Below is a listing; print exactly its lines from the one containing "輪島市の公費解体 仮置場の浸水状況" down to the one containing "Prireditev so v", both inclusive, with every picture left out.

************

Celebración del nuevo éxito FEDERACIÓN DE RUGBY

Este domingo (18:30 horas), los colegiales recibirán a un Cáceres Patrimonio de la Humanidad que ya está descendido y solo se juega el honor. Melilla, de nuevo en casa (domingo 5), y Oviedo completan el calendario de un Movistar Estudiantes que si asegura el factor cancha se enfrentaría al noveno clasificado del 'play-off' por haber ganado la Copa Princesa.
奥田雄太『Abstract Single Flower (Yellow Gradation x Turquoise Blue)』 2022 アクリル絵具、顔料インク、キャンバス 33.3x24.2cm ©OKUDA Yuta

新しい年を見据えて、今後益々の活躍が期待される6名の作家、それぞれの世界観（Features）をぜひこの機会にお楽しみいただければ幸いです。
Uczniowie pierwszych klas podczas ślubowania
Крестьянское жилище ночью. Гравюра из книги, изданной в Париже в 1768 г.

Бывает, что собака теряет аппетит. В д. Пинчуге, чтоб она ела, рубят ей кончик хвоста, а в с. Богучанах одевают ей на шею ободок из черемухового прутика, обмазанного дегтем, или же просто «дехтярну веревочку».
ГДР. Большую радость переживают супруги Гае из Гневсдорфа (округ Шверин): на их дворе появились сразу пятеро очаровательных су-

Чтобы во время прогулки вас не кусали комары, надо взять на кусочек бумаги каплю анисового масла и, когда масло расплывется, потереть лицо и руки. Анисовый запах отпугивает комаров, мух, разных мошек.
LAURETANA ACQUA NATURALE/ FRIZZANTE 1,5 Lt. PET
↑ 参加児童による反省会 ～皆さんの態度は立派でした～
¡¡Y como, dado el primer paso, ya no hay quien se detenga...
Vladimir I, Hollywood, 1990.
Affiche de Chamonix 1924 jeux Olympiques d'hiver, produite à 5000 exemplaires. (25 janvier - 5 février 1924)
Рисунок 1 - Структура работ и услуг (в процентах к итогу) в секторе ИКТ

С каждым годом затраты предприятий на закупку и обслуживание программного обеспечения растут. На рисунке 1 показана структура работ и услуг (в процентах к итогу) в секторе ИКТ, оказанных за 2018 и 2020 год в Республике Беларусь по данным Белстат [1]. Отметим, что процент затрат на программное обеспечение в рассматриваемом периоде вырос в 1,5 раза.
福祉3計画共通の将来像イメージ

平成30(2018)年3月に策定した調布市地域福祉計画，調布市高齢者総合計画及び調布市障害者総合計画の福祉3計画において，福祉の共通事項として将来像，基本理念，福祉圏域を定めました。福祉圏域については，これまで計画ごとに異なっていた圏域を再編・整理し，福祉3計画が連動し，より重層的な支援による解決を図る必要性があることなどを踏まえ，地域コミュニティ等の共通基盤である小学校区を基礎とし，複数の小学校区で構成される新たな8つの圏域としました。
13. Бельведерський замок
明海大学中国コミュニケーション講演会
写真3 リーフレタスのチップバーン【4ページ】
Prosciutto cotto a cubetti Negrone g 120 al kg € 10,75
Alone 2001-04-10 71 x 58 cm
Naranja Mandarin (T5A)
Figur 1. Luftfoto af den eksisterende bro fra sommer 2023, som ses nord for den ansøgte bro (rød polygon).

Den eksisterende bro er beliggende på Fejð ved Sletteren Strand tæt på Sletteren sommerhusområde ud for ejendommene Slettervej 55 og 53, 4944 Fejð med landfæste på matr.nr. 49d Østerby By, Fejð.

************

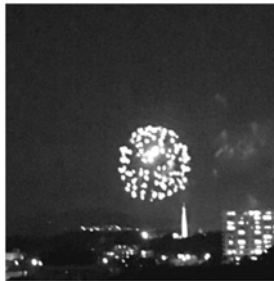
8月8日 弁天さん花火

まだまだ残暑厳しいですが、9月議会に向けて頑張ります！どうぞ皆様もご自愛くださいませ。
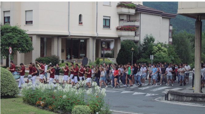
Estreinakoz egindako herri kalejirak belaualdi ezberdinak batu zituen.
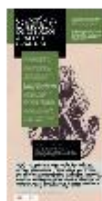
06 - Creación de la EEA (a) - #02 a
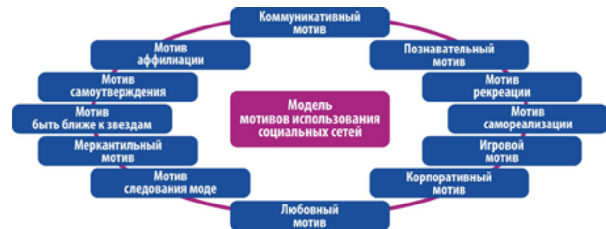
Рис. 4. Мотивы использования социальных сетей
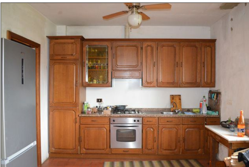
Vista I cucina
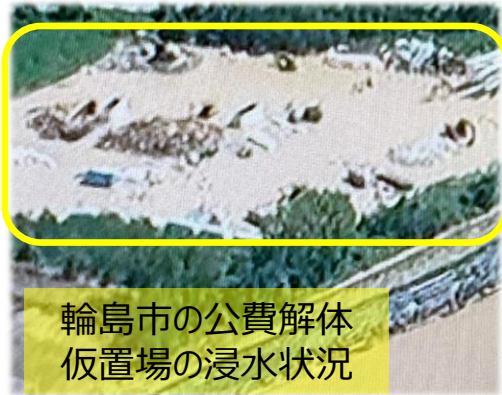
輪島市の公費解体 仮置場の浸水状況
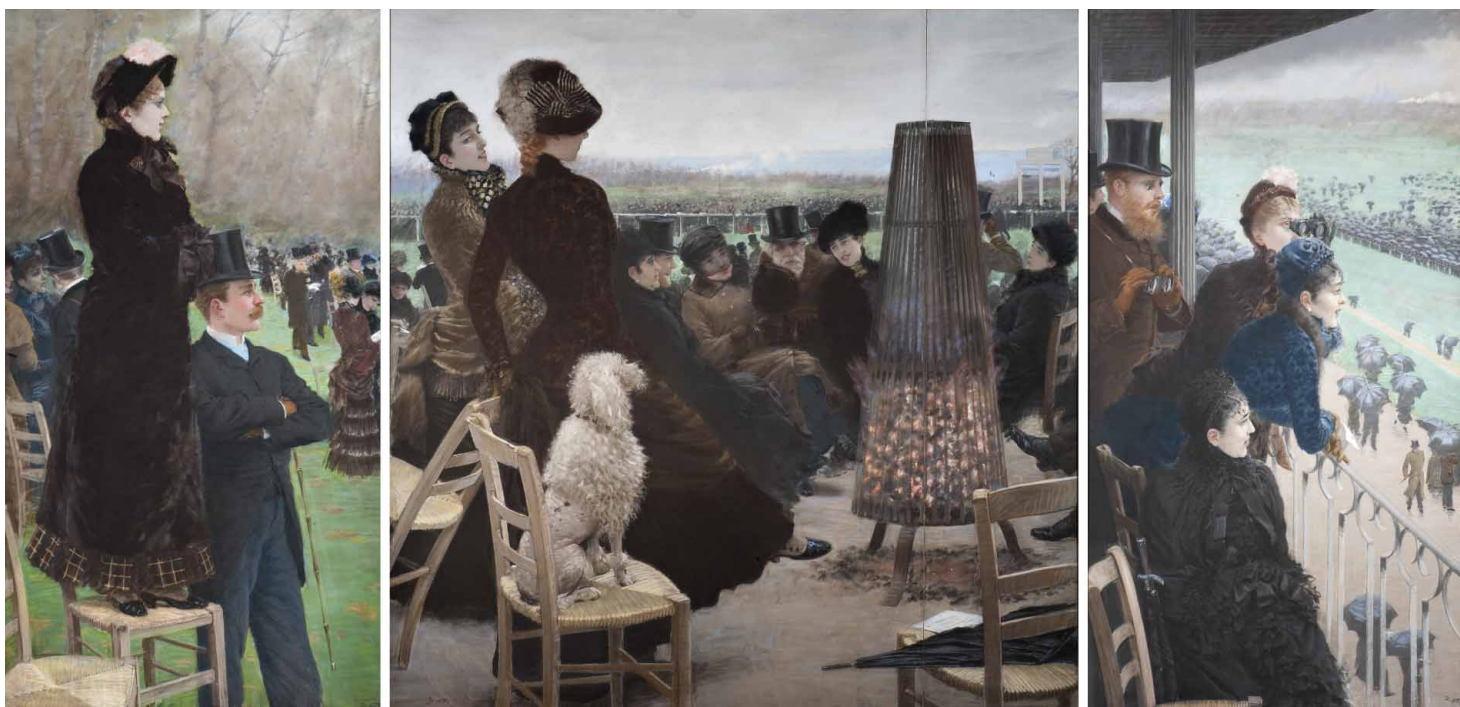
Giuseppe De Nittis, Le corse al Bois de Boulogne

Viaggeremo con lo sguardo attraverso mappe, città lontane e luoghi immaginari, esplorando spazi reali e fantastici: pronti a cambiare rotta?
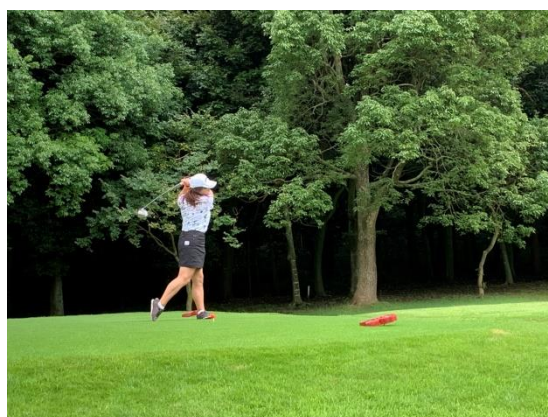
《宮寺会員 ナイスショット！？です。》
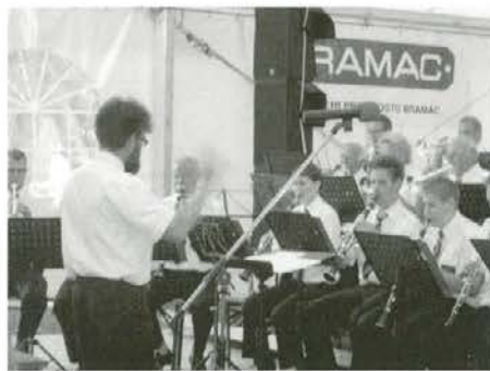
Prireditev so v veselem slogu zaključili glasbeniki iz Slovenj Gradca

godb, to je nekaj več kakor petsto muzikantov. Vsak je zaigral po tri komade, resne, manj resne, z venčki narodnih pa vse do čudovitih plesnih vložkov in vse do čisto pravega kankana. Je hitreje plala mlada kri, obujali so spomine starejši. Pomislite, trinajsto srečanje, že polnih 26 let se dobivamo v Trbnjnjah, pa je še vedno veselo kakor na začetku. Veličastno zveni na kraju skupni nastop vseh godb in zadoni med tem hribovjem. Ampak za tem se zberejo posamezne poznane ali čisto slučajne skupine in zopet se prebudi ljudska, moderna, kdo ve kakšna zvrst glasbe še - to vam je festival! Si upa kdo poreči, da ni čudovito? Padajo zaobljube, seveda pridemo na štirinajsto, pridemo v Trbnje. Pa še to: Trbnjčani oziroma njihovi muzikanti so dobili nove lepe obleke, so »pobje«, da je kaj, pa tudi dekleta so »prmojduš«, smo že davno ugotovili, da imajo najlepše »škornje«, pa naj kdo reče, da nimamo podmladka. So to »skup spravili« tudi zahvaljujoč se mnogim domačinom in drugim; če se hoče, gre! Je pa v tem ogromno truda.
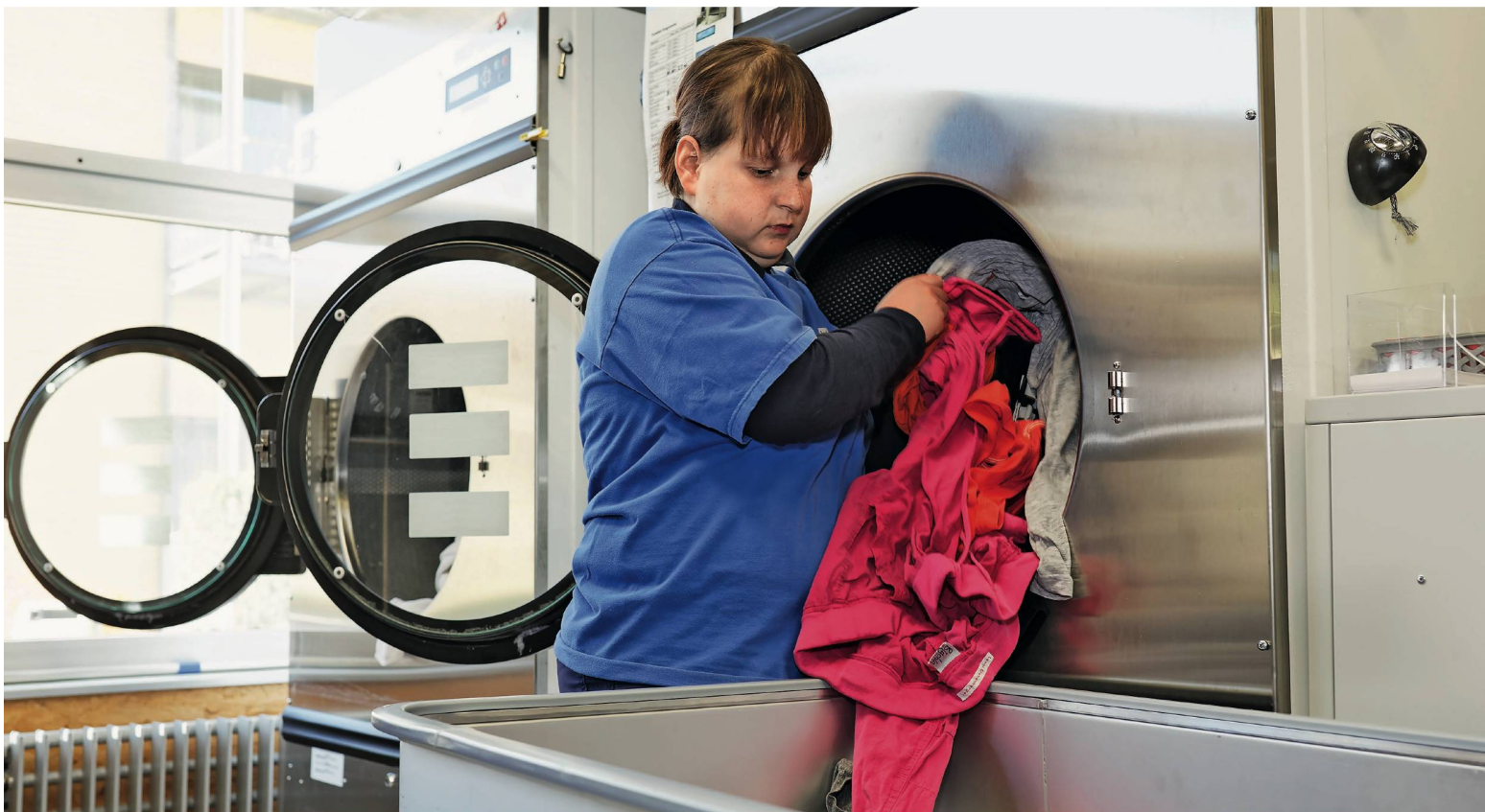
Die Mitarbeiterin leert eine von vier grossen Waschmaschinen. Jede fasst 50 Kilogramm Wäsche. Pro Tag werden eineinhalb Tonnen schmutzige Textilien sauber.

************

EXERCISE ANSWER:
輪島市の公費解体 仮置場の浸水状況
Giuseppe De Nittis, Le corse al Bois de Boulogne

Viaggeremo con lo sguardo attraverso mappe, città lontane e luoghi immaginari, esplorando spazi reali e fantastici: pronti a cambiare rotta?
《宮寺会員 ナイスショット！？です。》
Prireditev so v veselem slogu zaključili glasbeniki iz Slovenj Gradca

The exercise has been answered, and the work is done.